I am not a trainer by profession, but if one of mine did this I would do anything in my power to have them come along. Call, treat, act like I was running. Just laughing out loud makes them happy.. If you have to pull do it gently and praise as they start moving. Go backwards if you have to.. Just try to get them moving. Put a squeaky toy in your poclet. We had problems on our walks if one of us had to go in another direction.. A fit was thrown by Rusty. He was 8 months when he started this.. We just kept at it.. Now he will pause, look and lag for a bit but he will move on.


----------



## my golden riley (Feb 15, 2008)

thank you for the reply, I have tried running, tug on his butt a little with my knee, getting really excited by saying common lets go..no way will he move.. i will try the squeaky toy.. i am trying anything to make him go, he won't even eat his favorite treat, (hot dog) so treats do not work..
ugh!!! frustrating.. He is such a smart dog he learns very quickly and he has mastered this habit very well, lol:uhoh::doh:


----------



## Debles (Sep 6, 2007)

It's not funny when it's happening to you but it is interesting how Pavlovian are pups can be!
I was going to suggest his favorite treat so I guess that's out. I'm sorry I'm no help but keep us updated! I sure hope a squeaky toy works!

One question: when you both go, where is he? Is he in the middle or on the side? Maybe try changing where he is, always on the left of the person holding the leash and the other person to the other side. So he is on the outside all the time.


----------



## Debles (Sep 6, 2007)

Has he had no obedience training? You need an obedience class. You also could practice heeling in your drive way and walk toward the other person until he gets comfortable walking with one person.


----------



## LibertyME (Jan 6, 2007)

Wiill he get in the car with just one of you?
If so, you can take him to a different neighbor hood and try it there...
Some dogs are really ritualistic...that is why a trip to a new place will often work...it does not resemble the same type of walk that he shares with both of you..

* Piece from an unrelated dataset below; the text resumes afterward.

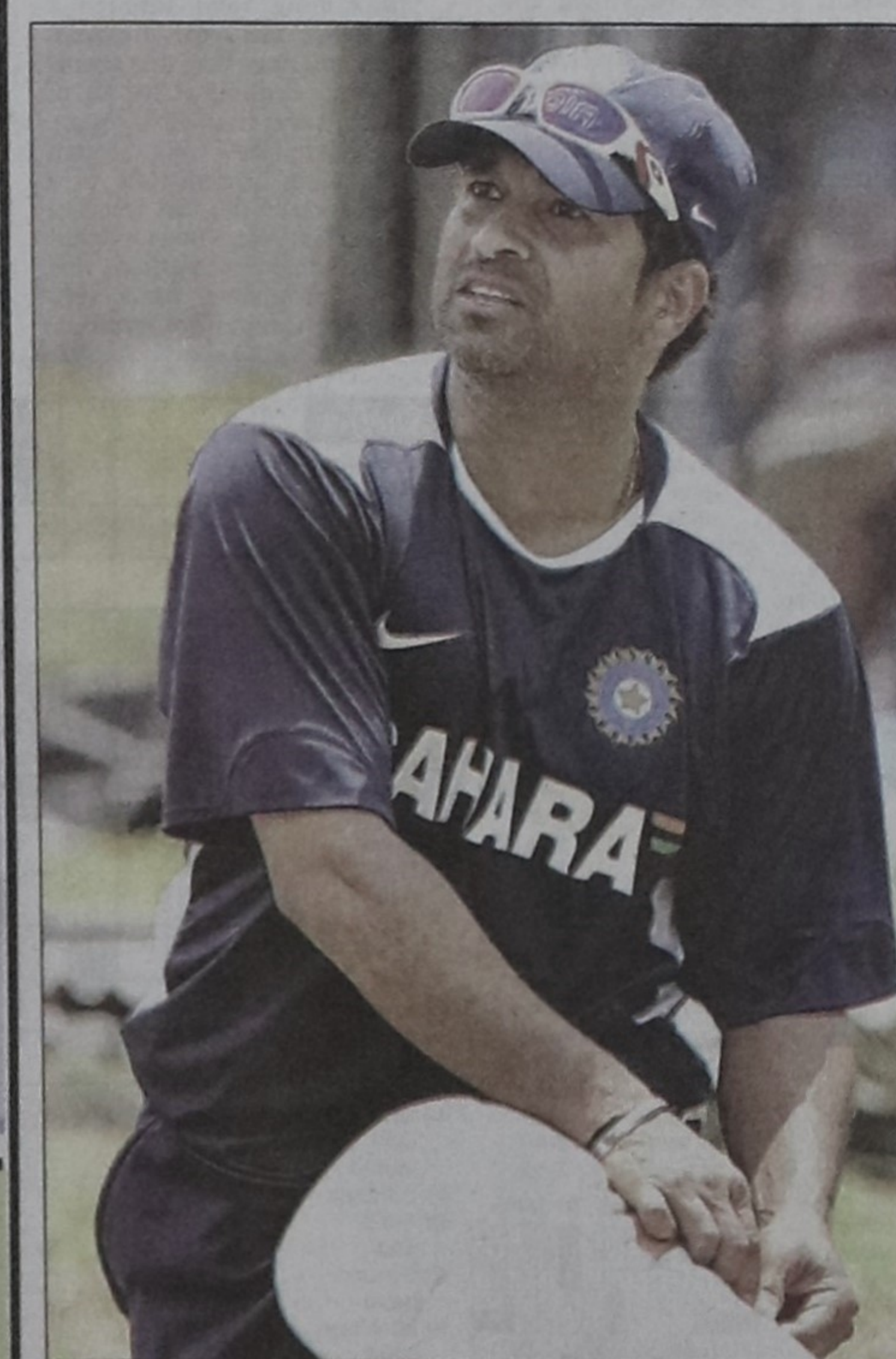
India superstar Sachin Tendulkar puts on his pads before batting during a practice session at the P Sara Stadium in Colombo yesterday ahead of the third Test that starts today. Tendulkar is 97 runs shy of surpassing West Indies great Brian Lara as Test cricketers leading scorer.

When you get to the new neighborhood...make your goal VERY small..
like be prepared to accept that he may only be able to follow you around the vehicle...bring FANTASTIC treats (like roast beef and/or cheese) cut into very small size pieces so you can reward him FREQUENTLY for following you...
Try not to tug his leash or drag him (you dont want to trigger the same response he has when you try to walk him alone at home), try not to talk (unless he follows you then chat him up).....let him figure out the new situation in his own time...


----------



## sharlin (Feb 26, 2007)

We won't do it because he doesn't "know" it. If the pack is going for a walk he wants the WHOLE pack to go. I like Debles idea of some practicing individual walks to and from the other person in the driveway to start - and a basic OB. class will help a lot also. Does he go for rides in the car with one person?? If so maybe take him for a walk when that person takes him out.


----------



## my golden riley (Feb 15, 2008)

ok to answer all your questions.. i will try the walk in the garage..
we have taken him to other places to walk or run and he will go but we have not tried just one person..
Now this is the problem, if it is just me telling him lets go for a walk, he will immediatly jump on the couch or in the bedroom, If I to get the leash on he will not move period.. he sits there.. so i don't bother taking him for walks when i do my walk anymore..
He will go in the car but gets very nervous.. he is getting better at that he will put his head towards the window..or sometimes lays on the seat nervously..
so heres my qustion, what would a trainer do for him the trainer doesn't see the behavior? It happens only at home.. He will probably get excited as he does seeing other people..


----------



## samchu_mammy (Jun 20, 2008)

I have a similar situation, but better.

Sam doesn't move if both of us are in the house, and one person grab the lease to tell him to go outside. Unless he needs to go for business, or he'll not move. 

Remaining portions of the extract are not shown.